◆ Prompt
Each line from the one that contains "Comienza como una" to the end of the entries must be copied word for word, and only those lines.

◆ Data
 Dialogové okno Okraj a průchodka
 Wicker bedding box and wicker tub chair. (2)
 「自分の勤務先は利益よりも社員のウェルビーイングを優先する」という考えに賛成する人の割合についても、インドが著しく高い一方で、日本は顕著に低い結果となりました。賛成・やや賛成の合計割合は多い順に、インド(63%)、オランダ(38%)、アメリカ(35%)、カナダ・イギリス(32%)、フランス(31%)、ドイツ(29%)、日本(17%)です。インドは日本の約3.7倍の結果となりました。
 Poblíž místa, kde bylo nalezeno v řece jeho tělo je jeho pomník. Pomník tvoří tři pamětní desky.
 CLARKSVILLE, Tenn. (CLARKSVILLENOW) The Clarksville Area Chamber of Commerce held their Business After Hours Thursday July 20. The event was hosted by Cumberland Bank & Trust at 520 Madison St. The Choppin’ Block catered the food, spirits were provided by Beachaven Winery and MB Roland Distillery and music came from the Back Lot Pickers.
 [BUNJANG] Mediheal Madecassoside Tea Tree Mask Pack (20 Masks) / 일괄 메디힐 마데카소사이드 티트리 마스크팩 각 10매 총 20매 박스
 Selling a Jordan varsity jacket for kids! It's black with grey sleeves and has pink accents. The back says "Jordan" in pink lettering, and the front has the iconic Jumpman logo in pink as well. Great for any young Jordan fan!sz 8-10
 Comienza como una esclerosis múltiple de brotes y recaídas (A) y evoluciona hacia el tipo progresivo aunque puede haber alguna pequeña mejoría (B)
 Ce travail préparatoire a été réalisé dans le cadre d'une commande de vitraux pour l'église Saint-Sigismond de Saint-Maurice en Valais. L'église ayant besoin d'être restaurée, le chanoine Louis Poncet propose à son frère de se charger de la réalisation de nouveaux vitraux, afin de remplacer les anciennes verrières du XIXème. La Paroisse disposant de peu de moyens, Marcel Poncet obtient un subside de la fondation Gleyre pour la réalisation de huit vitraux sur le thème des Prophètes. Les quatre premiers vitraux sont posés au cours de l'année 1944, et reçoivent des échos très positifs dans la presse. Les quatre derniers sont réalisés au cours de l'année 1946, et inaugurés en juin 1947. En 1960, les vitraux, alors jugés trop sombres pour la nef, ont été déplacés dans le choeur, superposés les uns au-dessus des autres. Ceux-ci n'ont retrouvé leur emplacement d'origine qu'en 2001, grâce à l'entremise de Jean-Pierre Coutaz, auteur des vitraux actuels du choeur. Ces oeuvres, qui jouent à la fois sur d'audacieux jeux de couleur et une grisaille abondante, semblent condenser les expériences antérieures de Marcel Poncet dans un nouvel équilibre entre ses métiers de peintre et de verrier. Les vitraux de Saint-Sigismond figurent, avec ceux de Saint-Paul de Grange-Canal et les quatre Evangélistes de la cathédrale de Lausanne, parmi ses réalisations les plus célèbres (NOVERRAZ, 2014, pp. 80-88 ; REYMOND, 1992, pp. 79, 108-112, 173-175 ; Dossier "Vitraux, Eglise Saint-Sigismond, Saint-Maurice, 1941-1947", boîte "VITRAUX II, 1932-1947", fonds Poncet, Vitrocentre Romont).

◆ Solution to the problem
 Comienza como una esclerosis múltiple de brotes y recaídas (A) y evoluciona hacia el tipo progresivo aunque puede haber alguna pequeña mejoría (B)
 Ce travail préparatoire a été réalisé dans le cadre d'une commande de vitraux pour l'église Saint-Sigismond de Saint-Maurice en Valais. L'église ayant besoin d'être restaurée, le chanoine Louis Poncet propose à son frère de se charger de la réalisation de nouveaux vitraux, afin de remplacer les anciennes verrières du XIXème. La Paroisse disposant de peu de moyens, Marcel Poncet obtient un subside de la fondation Gleyre pour la réalisation de huit vitraux sur le thème des Prophètes. Les quatre premiers vitraux sont posés au cours de l'année 1944, et reçoivent des échos très positifs dans la presse. Les quatre derniers sont réalisés au cours de l'année 1946, et inaugurés en juin 1947. En 1960, les vitraux, alors jugés trop sombres pour la nef, ont été déplacés dans le choeur, superposés les uns au-dessus des autres. Ceux-ci n'ont retrouvé leur emplacement d'origine qu'en 2001, grâce à l'entremise de Jean-Pierre Coutaz, auteur des vitraux actuels du choeur. Ces oeuvres, qui jouent à la fois sur d'audacieux jeux de couleur et une grisaille abondante, semblent condenser les expériences antérieures de Marcel Poncet dans un nouvel équilibre entre ses métiers de peintre et de verrier. Les vitraux de Saint-Sigismond figurent, avec ceux de Saint-Paul de Grange-Canal et les quatre Evangélistes de la cathédrale de Lausanne, parmi ses réalisations les plus célèbres (NOVERRAZ, 2014, pp. 80-88 ; REYMOND, 1992, pp. 79, 108-112, 173-175 ; Dossier "Vitraux, Eglise Saint-Sigismond, Saint-Maurice, 1941-1947", boîte "VITRAUX II, 1932-1947", fonds Poncet, Vitrocentre Romont).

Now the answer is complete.